If the Millibands et. al. think that Mandelson has ruined the reputation of New Labour, then they are utterly deluded

This post was written by Reuben Bard-Rosenberg on July 17, 2010
Posted Under: Labour

It would be a bit like Gary Glitter worrying that his very good name had been damaged by a story that his hair was really a wig. The remnants of the New Labour elite – now campaigning to take over the leadership – are in a tizz. They are deeply concerned that Peter Mandelson has damaged the party by offering rather a lot of detail on all the infighting that went on. Thus all 5 leadership contenders – along with New Labour’s smelly, unwanted grandfather, Neil Kinnock – have come out to condemn the revelations.

All I can say is that if these individuals are seriously worried about the damage that Mandelson’s soap-opera like revelations will do to the national memory of New Labour, then they are deeply deluded about how the general public perceive their time in office. There are many reasons that are far more serious, and more brutally relevant to people’s daily lives, that cause so many people look back on the last decade with a mixture of bitterness and disappointment. I don’t need to provide a shopping list of New Labour’s failures to make this point. It is sufficient to say that the those office spent 13 years creating a less equal society in very good economic times.

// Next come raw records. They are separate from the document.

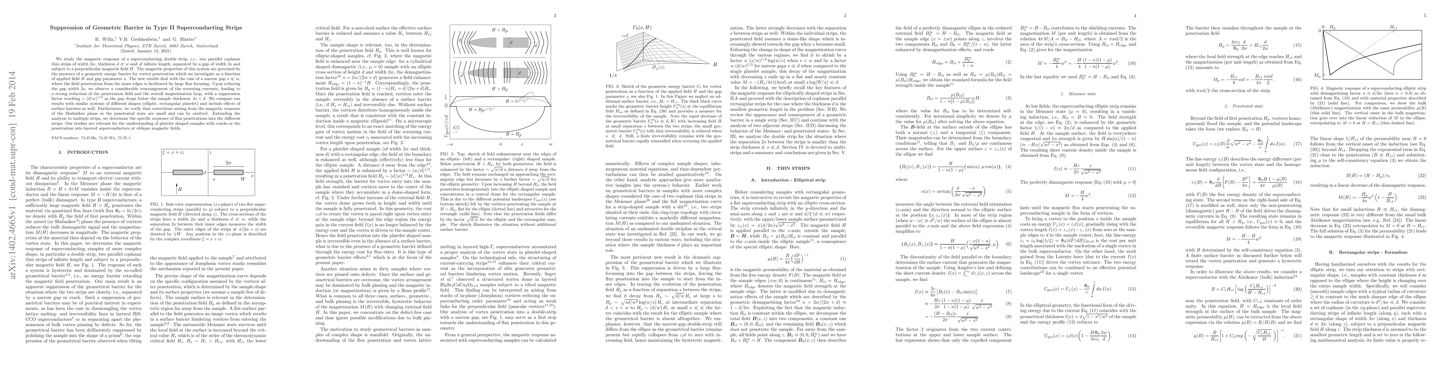 We study the magnetic response of a superconducting double strip, i.e., two parallel coplanar thin strips of width $2w$, thickness $d \ll w$ and of infinite length, separated by a gap of width $2s$ and subject to a perpendicular magnetic field $H$. The magnetic properties of this system are governed by the presence of a geometric energy barrier for vortex penetration which we investigate as a function of applied field $H$ and gap parameter $s$. The new results deal with the case of a narrow gap $s \ll w$, where the field penetration from the inner edges is facilitated by large flux focusing. Upon reducing the gap width $2s$, we observe a considerable rearrangement of the screening currents, leading to a strong reduction of the penetration field and the overall magnetization loop, with a suppression factor reaching $\sim (d/w)^{1/2}$ as the gap drops below the sample thickness, $2s < d$. We compare our results with similar systems of different shapes (elliptic, rectangular platelet) and include effects of surface barriers as well. Furthermore, we verify that corrections arising from the magnetic response of the Shubnikov phase in the penetrated state are small and can be omitted. Extending the analysis to multiple strips, we determine the specific sequence of flux penetrations into the different strips. Our studies are relevant for the understanding of platelet shaped samples with cracks or the penetration into layered superconductors at oblique magnetic fields.
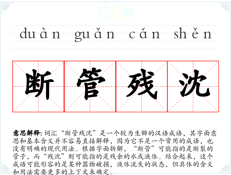 词源与演变方面,由于“断管残沈”不是一个常见的成语,其词源和历史演变的信息非常有限。可能需要查阅古籍或专业的汉语词源学资料才能找到更多信息。
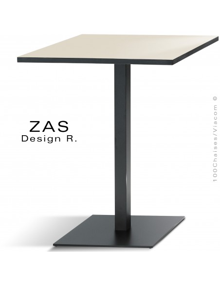 Normes européennesTable repas pour café, hôtel, restaurant ZAS, socle platine de sol base 350x350 mm., colonne tube d'acier 60x60 mm., finition piétement peinture polyester couleur noir brillant, noir mat, gris/argent, gris foncé autre choix (voir gamme fabricant). Avec tampons plastiques de protection des sols et molettes de mise à niveau réglable et ajustable. Dimensions plateau 600x600, 700x700, 800x800 mm., type aggloméré épaisseur 22 mm., avec inserts négatif pour montage. Finition plateau placage stratifié matière et aspect bois, chant plateau PVC noir (autre chant disponible dans la couleur du plateau, voir palette image chant - vos demandes à commandes@100chaises.fr) réponse sous 24h.
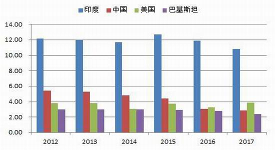 印度棉花产量也是连续2年回升,在2017/18年度因种植面积大增10%以上,产量也提升巨大。根据USDA的11月份报告可以看出,印度在2017/18年度产量增长65万吨至653.2万吨,产量已经是历史以来的第二高,仅次于2013年3100万包。由于印度的纺织业需求增幅较小,导致期末库存增加至历史最高点,达到了318.5万吨,库存消费比创下历史新高59.71%。从这些数据来看,印度将会增加对外出口棉花,和2016年相比国内供给非常充足。
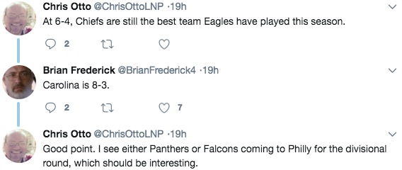 Also a bad take: The Eagles are the Alabama of the NFL, having played no one at this point.— Chris Otto (@ChrisOttoLNP) November 26, 2017
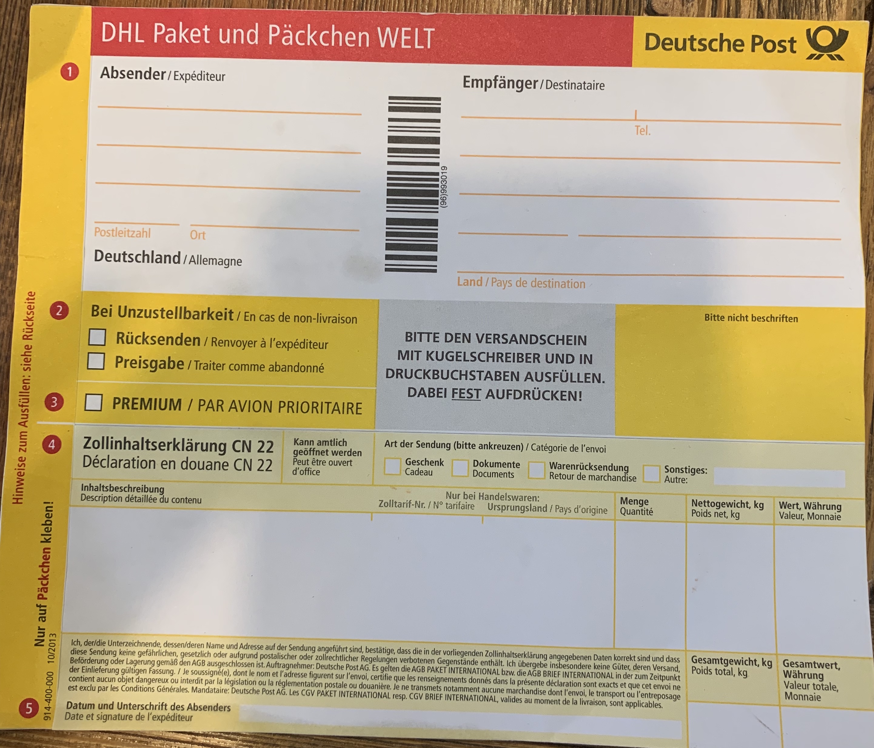 Oder Päckchen aufkleben Zulässige Maße und Gewichte siehe Rückseite (96) Absender/Expéditeur Empfänger/Destinataire Deutschland/Allemagne Postleitzahl Straße und Hausnummer (deutschlandweit kein Postfach) Postleitzahl Ort Ort Bestimmungsland/Pays de destination Tel (nur bei EUVersand oder Sperrgut) Wünschen Sie zusätzliche. Habe ein dhl päckchen mit falschem absender verschickt da ich meine adresse immer anonym behalte jtz hat der empfänger geschrieben das es falsch frankiert war und zurück geschickt wird, eine rechnung mit einer adresse war drin kanns sein das es ausgepackt und zu der adresse geschickt wird?. An den Absender zurückgesandt werden erneut an den Empfänger zugestellt werden Einverständniserklärung Mit meiner Unterschrift bestätige ich, dass alle Angaben wahrheitsgemäß sind, und erkläre mich damit einverstanden, dass die Sendung zum Zweck einer Schadensbegutachtung geöffnet werden darf Datum, Unterschrift Kunde.
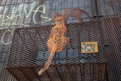 We loop through Maria Hernandez Park, where someone flies a model airplane through the sky as a real airplane passes over us. Trees bright with autumn leaves press against grey clouds. One particular street leads us past cat sculptures and an explosion of murals, ones much better than the surfing bear.
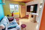 Une GRANDE PIÈCE DE VIE avec CUISINE OUVERTE sur le séjour, une SALLE DE BAINS et un WC indépendant.
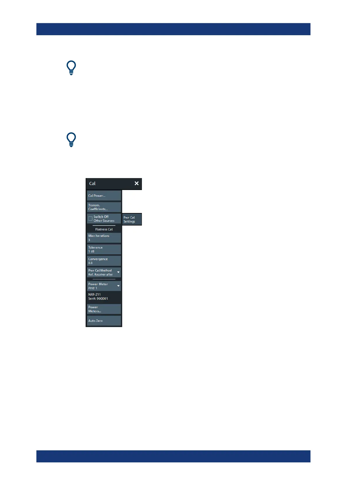 "Power Cal..." to perform the necessary calibration sweeps with default power cali-
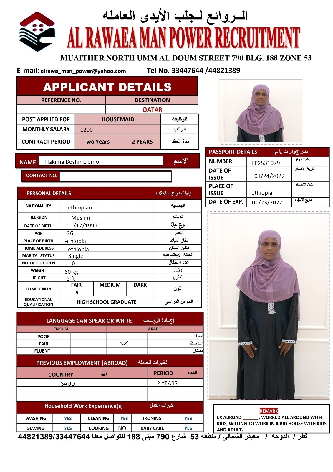 she have 2 years Experians in Saudi she can babysitting, clinging and tacker of old mother cringe and she need leering cooking food
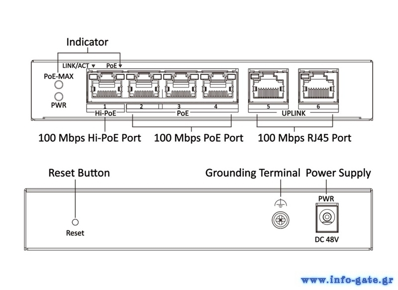 Port Number: 4x 100 Mbps PoE RJ45 port, and 2x 100 Mbps network RJ45 ports
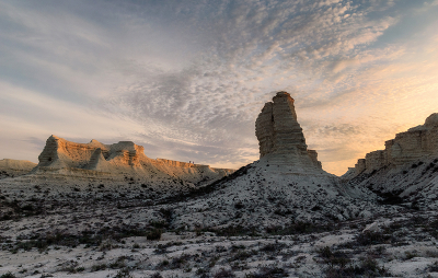 Аккергешен на рассвете Казахстан. Мангистау. Аккергешен на рассвете. После бессонной ночи, проведённой за съёмками Млечного Пути, было интересно наблюдать, как Солнце нежно прикасалось первыми лучами к меловым останцам... |
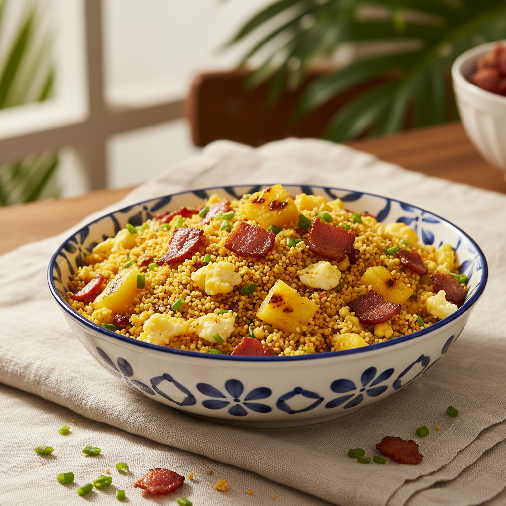Esta farofa é uma explosão de sabores e texturas, combinando o salgado do bacon crocante com a doçura e acidez do abacaxi grelhado. Perfeita para acompanhar churrascos, feijoadas ou como prato principal leve e saboroso. A adição de ovos mexidos e cebolinha fresca traz ainda mais riqueza e cor a este prato vibrante.
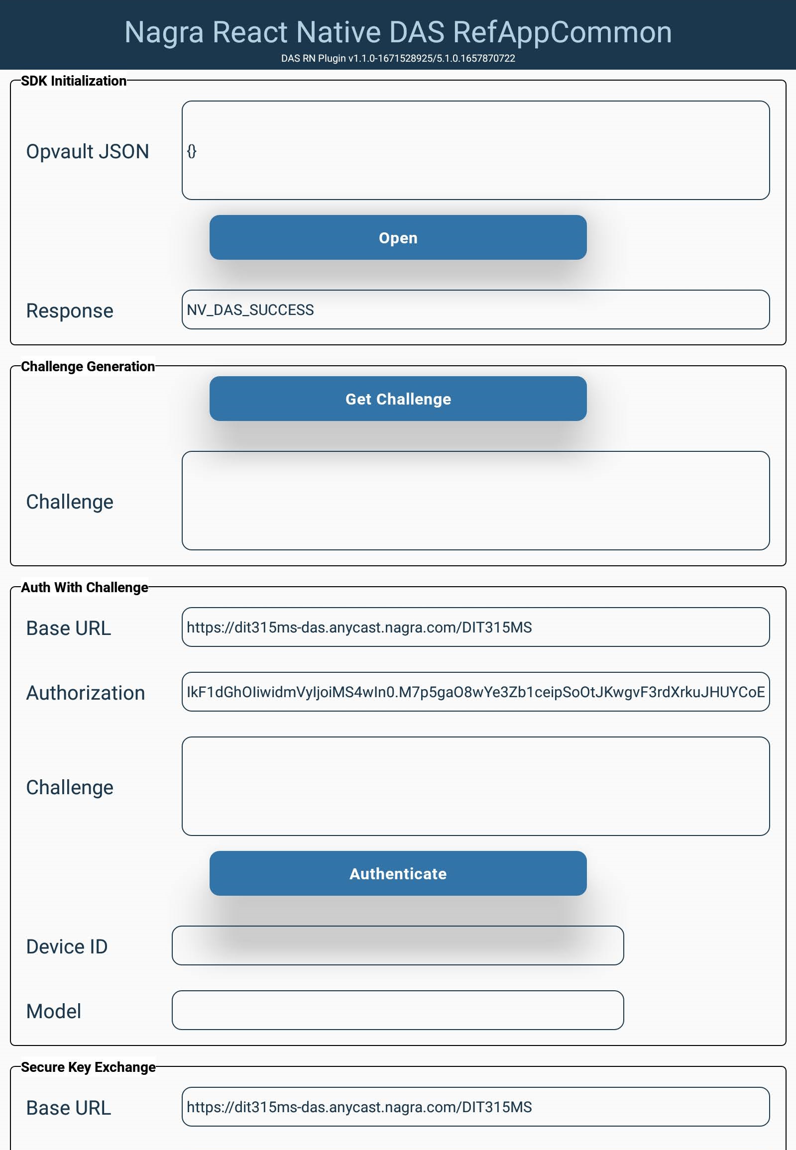 The Common Reference Application for the Web and Handheld implementations of DAS React Native Client SDK is described here.
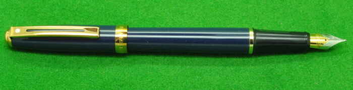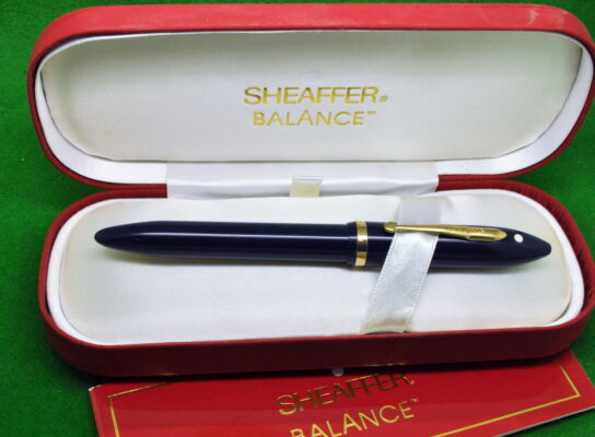 Sheaffer Balance 2 in Dark Blue with gold filled trim. In Mint Condition in original Box. Fitted with the original 18kt gold medium tipped nib

What became very clear to me during the general election campaign was that, despite the widespread portrayal of the demos as stupid and fickle, scandals and personal failings have relatively little impact. The televised discovery that three labour MPs appeared willing to sell their integrity to corporate lobbyists made no discernible impact on the opinion polls.

When the remnants of the New Labour government turn Mandelson into a demonic figure, when the likes of Ed Miliband say that the party needs a “new generation” of leaders who are not, um, Peter Mandelson but were nonetheless faithful servants throughout the New Labour project, they try in vain to run a way from the real political changes that are necessary if Labour is to win back the 1.5 million working class C2 voters who so decisively deserted the party in May.